8.1 Execution Role (Proxy Lambda)

Permissions:

bedrock:InvokeModel*, bedrock:Converse* (scoped to allowed models)

dynamodb:GetItem/UpdateItem on both tables

ssm:GetParameter on /app/bedrock/enabled

CloudWatch Logs

8.2 End‑User Principals

Explicit Deny policy for bedrock:* to prevent bypass.

Allow invoke of API Gateway only via API Keys (no SigV4 from clients).

8.3 Network

Private VPC Endpoint to Bedrock (where available); add IAM condition aws:SourceVpce on the Lambda role.

9) Validation & Limits

Payload size: limit prompt/messages total ≤ 64 KB (configurable).

**Per‑call **``: clamp to user or global max (e.g., 1024).

Allowed models: configured in GatewayConfig; reject others.

Timeouts: Lambda 30s–60s; API GW 29s for non‑stream; for streaming use integration with Lambda function URLs or REST API w/ chunked responses.

10) Observability

10.1 Metrics (CloudWatch, with EMF)

Requests: count, 4xx, 5xx, latency p50/p90/p99

Bedrock call duration and errors by model

Tokens: input/output per user/day; top N users

Rejections: DAILY_CAP_EXCEEDED, MODEL_NOT_ALLOWED, DISABLED_FLAG

10.2 Logs

Correlation id (request id) end‑to‑end

Redact message content by default (toggle for debugging)

10.3 Alerts (SNS/Slack)

5xx rate > 2% over 5m

DISABLED_FLAG set to false (notify)

User at 80% and 100% of daily cap (optional DM)

Cost anomaly (tokens/day spike)

11) Security Considerations

No API key leakage in logs; rotate keys quarterly.

Optional HMAC sidecar token per request (defense in depth).

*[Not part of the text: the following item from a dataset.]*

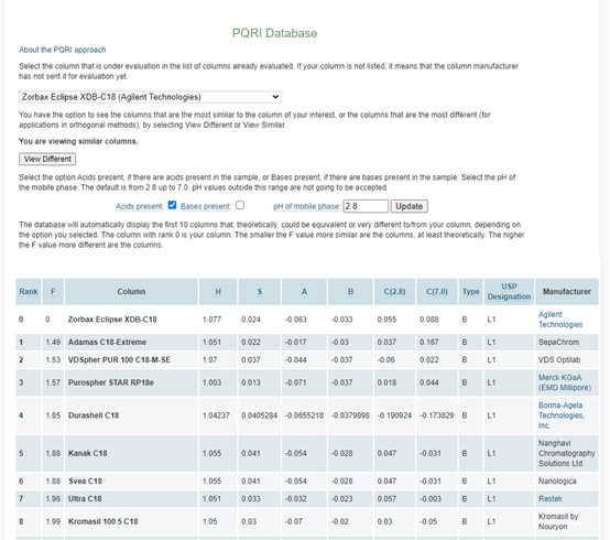 如果有没有类似的色谱柱可以替换,但是项目又比较紧急呢?USP给出了一个色谱柱性能差异的网站,我们可以在这个网站上查询我们是否有类似的色谱柱,具体的查询方式如下:
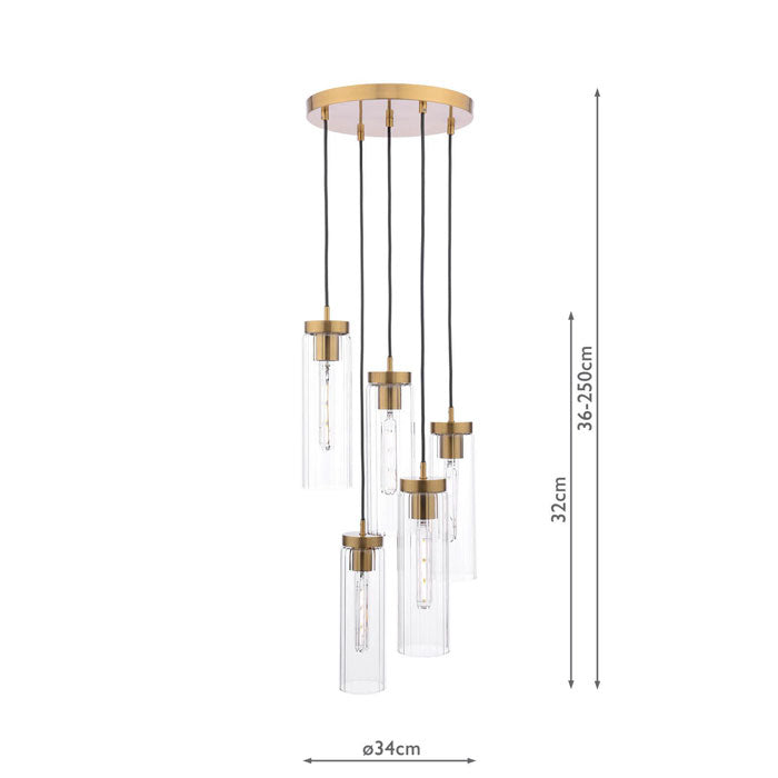 The Jodelle 5 Light Cluster Pendant Polished Bronze and Glass is a large scale cluster pendant with elegant slender ribbed glass shades. The Jodelle cluster pendant looks great hung low over a dining table or in a stairwell. The Jodelle cluster pendant features a black braided cable and is height adjustable on installation. The Jodelle cluster pendant takes five E27 (ES) bulbs (not supplied), We recommend using LED filament lamps from our range of LED bulbs.

WAF geo/IP allowlist if necessary.

Content guardrails (Bedrock Guardrails) for policy compliance.

12) Deployment & IaC

CDK (TypeScript/Java) project containing:
- API Gateway (routes, models), Usage Plans, API Keys (seed via script)
- Lambdas (Authorizer + Proxy) with env vars for table names/params
- DynamoDB tables, autoscaling RCU/WCU
- SSM params with defaults
- Optional WAF association

Environments: dev, staging, prod; feature flags per env

CI/CD: GitHub Actions to synth/deploy; unit + integration tests

13) Runbooks

13.1 Emergency Shutdown

Set /app/bedrock/enabled=false (Immediate soft stop).

If not sufficient, attach Org SCP denying bedrock:* to account/OU.

Optionally disable Bedrock model access in console.

13.2 Raise/Lower User Cap

Update GatewayUsers.dailyOutputCap; change takes effect immediately.

13.3 Key Rotation

Create new API key, map to user, notify; revoke old key after grace period.

13.4 Hotspot/Abuse

Move user to stricter Usage Plan or suspend user; add WAF rule.

14) Testing Strategy

Unit tests: payload validation, authorizer cap math, DDB updates

Contract tests: /v1/chat success/429/403/400 cases

Load tests: confirm API GW TPS enforcement; backpressure behavior

Chaos: Bedrock 5xx/latency injections; ensure graceful degradation

Security: key rotation test; WAF rule efficacy

15) Cost Model (rough)

API Gateway requests (per million)

Lambda GB‑seconds (authorizer + proxy)

DynamoDB RCUs/WCUs proportional to calls (two writes per request worst‑case)

Bedrock tokens (dominant cost) – tracked via usage metrics

Optimizations: batch writes (streaming buffer), on‑demand → provisioned with autoscaling, aggregate counters with periodic compaction.

17) Open Questions

Do we need per‑team budgets in addition to per‑user?

Retention for logs and token usage (90 vs 180 days)?